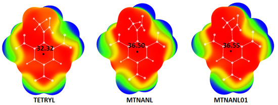The Vmax values calculated for geometries extracted from selected crystal structures (Figure 6) were 36.50 kcal/mol for MTNANL crystal structure and −36.55 kcal/mol for MTNANL01 structure. For both structures there was a significant difference in the electrostatic potential value compared to the computationally optimized geometry of TETRYL molecule (32.32 kcal/mol). Calculated deviations are given in Table 5.
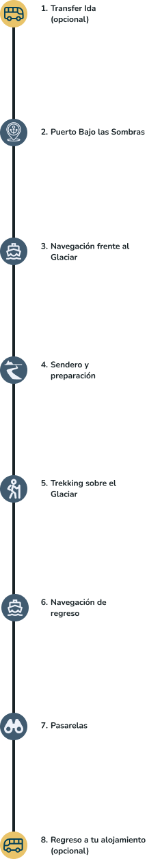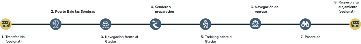 ⏳ Duración aproximada: 5 horas (sin traslados) / 9 horas (con traslados incluidos desde El Calafate y tiempo libre para las pasarelas).
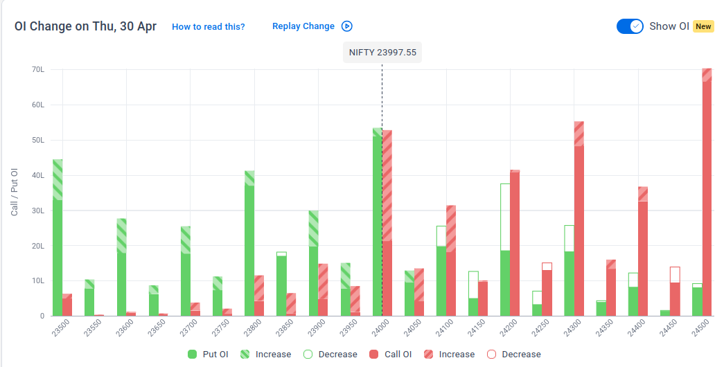The maximum Put Open Interest (OI) is observed at 24,000, followed by 23,500 & 23,800, suggesting support at 23,800-23,700.

▶ **WHAT YOU NEED TO DO**
Nothing but the lines from the line containing "para las pasarelas)." through the last line of the material may be output, and they must be copied exactly, without pictures.

▶ **SOLUTION BELOW**
 ⏳ Duración aproximada: 5 horas (sin traslados) / 9 horas (con traslados incluidos desde El Calafate y tiempo libre para las pasarelas).
The maximum Put Open Interest (OI) is observed at 24,000, followed by 23,500 & 23,800, suggesting support at 23,800-23,700.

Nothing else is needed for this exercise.